Given records:
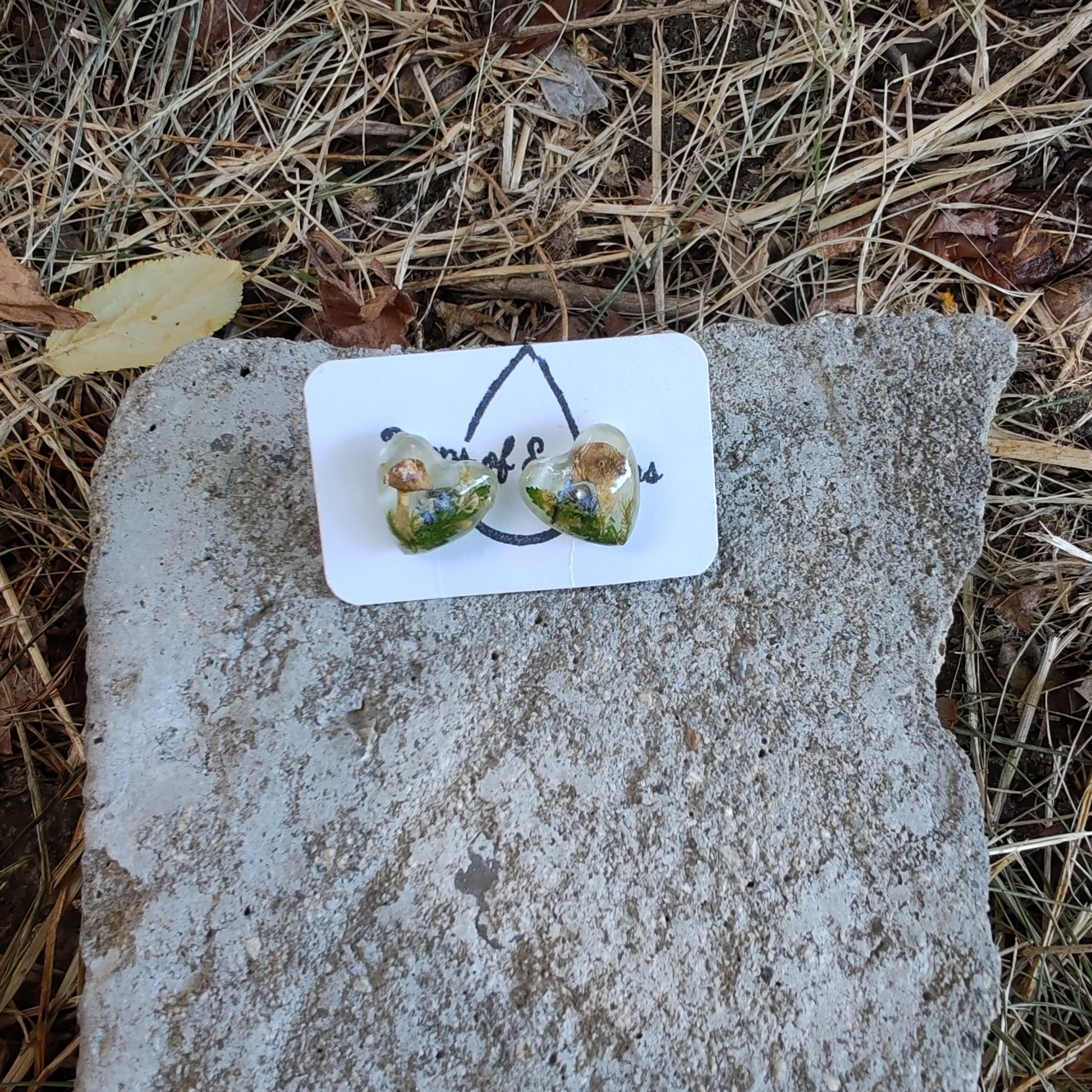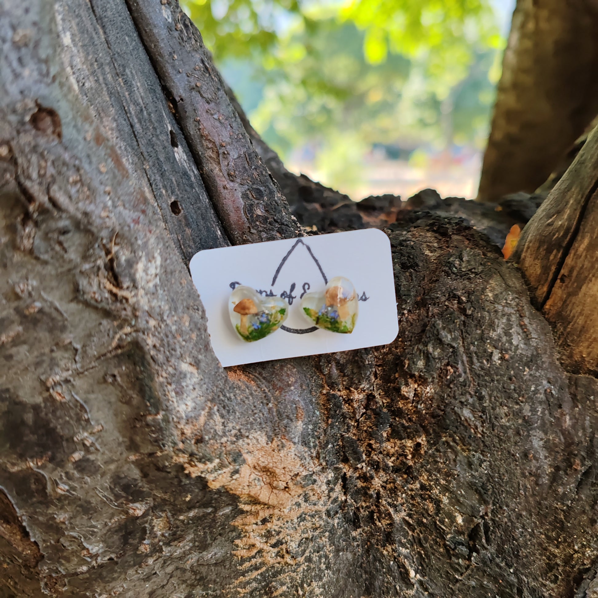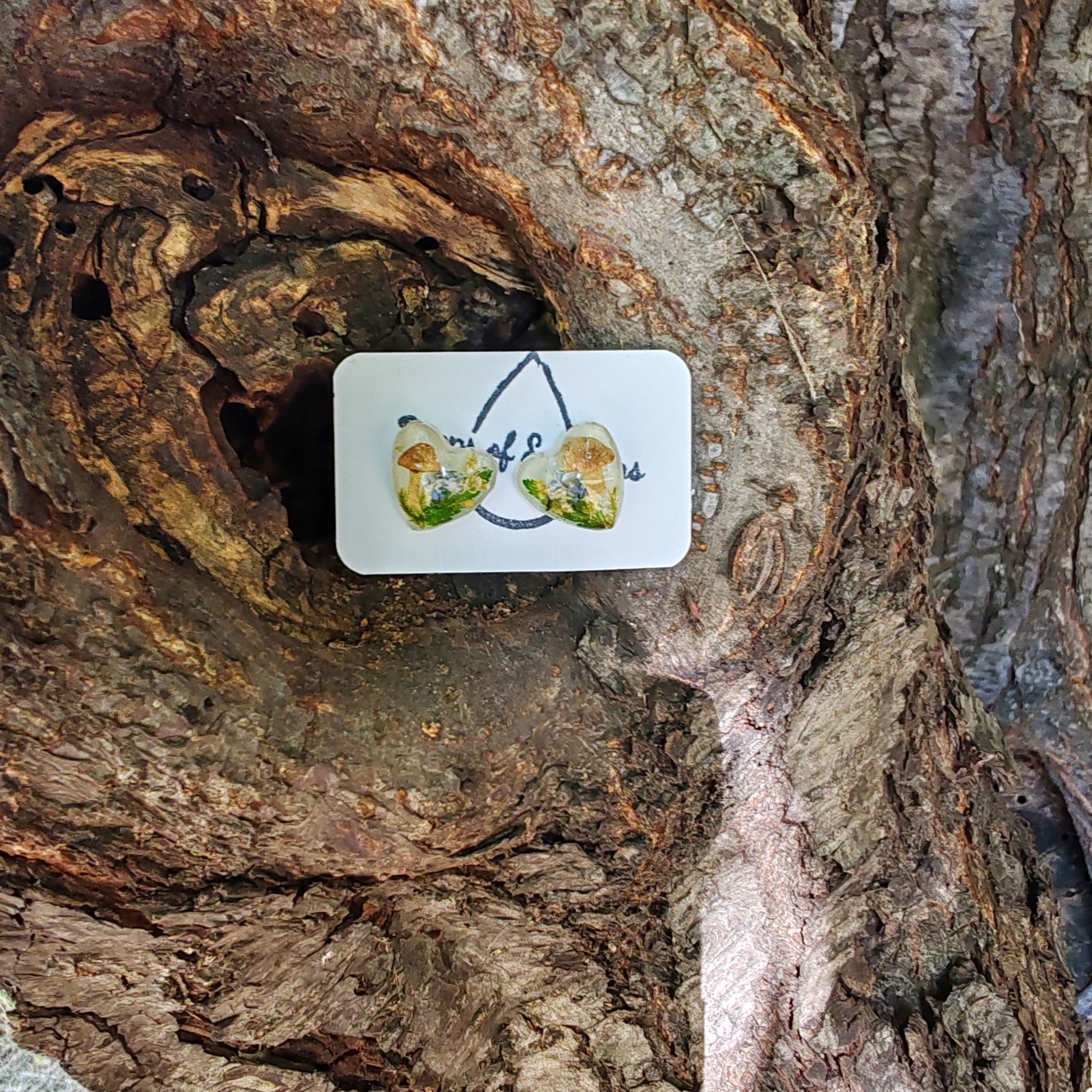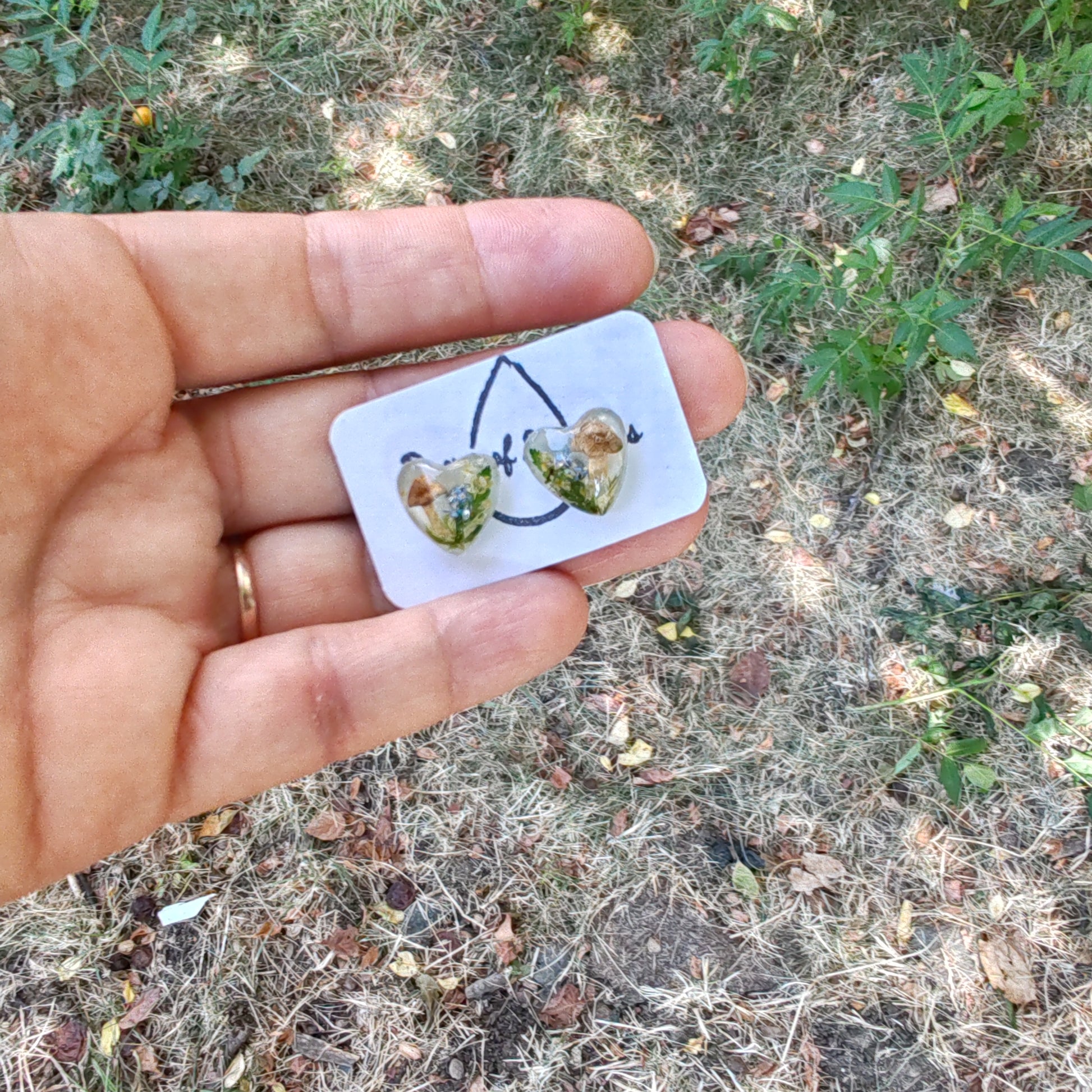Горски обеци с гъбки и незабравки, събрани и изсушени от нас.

...

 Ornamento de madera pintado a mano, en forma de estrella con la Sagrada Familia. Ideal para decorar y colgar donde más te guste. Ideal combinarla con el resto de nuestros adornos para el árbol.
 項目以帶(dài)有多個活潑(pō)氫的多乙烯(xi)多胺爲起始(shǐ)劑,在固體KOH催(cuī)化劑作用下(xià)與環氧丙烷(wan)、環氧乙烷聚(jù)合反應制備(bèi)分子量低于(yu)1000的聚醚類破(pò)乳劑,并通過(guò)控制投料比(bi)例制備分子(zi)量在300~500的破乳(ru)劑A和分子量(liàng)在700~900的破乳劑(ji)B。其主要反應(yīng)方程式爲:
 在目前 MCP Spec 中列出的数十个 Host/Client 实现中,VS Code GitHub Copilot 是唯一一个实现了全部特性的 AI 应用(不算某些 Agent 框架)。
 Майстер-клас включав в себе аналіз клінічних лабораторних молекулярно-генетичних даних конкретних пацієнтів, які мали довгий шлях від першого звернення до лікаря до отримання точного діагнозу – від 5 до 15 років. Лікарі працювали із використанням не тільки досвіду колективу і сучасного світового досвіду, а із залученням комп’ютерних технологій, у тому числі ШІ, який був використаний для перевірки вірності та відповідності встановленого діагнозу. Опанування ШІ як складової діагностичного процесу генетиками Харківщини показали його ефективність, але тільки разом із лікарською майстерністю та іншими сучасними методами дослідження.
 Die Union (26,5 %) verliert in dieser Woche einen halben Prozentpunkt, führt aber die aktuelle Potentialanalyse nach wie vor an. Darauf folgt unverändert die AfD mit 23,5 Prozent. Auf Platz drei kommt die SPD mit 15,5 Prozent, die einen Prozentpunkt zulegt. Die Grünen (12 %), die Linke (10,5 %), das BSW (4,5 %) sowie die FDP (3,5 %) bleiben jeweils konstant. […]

Task prompt:
Would you please copy, word for word, everything above from the line containing "Ornamento de madera" down to the line containing "在目前 MCP Spec", those two lines included?

Written solution:
 Ornamento de madera pintado a mano, en forma de estrella con la Sagrada Familia. Ideal para decorar y colgar donde más te guste. Ideal combinarla con el resto de nuestros adornos para el árbol.
 項目以帶(dài)有多個活潑(pō)氫的多乙烯(xi)多胺爲起始(shǐ)劑,在固體KOH催(cuī)化劑作用下(xià)與環氧丙烷(wan)、環氧乙烷聚(jù)合反應制備(bèi)分子量低于(yu)1000的聚醚類破(pò)乳劑,并通過(guò)控制投料比(bi)例制備分子(zi)量在300~500的破乳(ru)劑A和分子量(liàng)在700~900的破乳劑(ji)B。其主要反應(yīng)方程式爲:
 在目前 MCP Spec 中列出的数十个 Host/Client 实现中,VS Code GitHub Copilot 是唯一一个实现了全部特性的 AI 应用(不算某些 Agent 框架)。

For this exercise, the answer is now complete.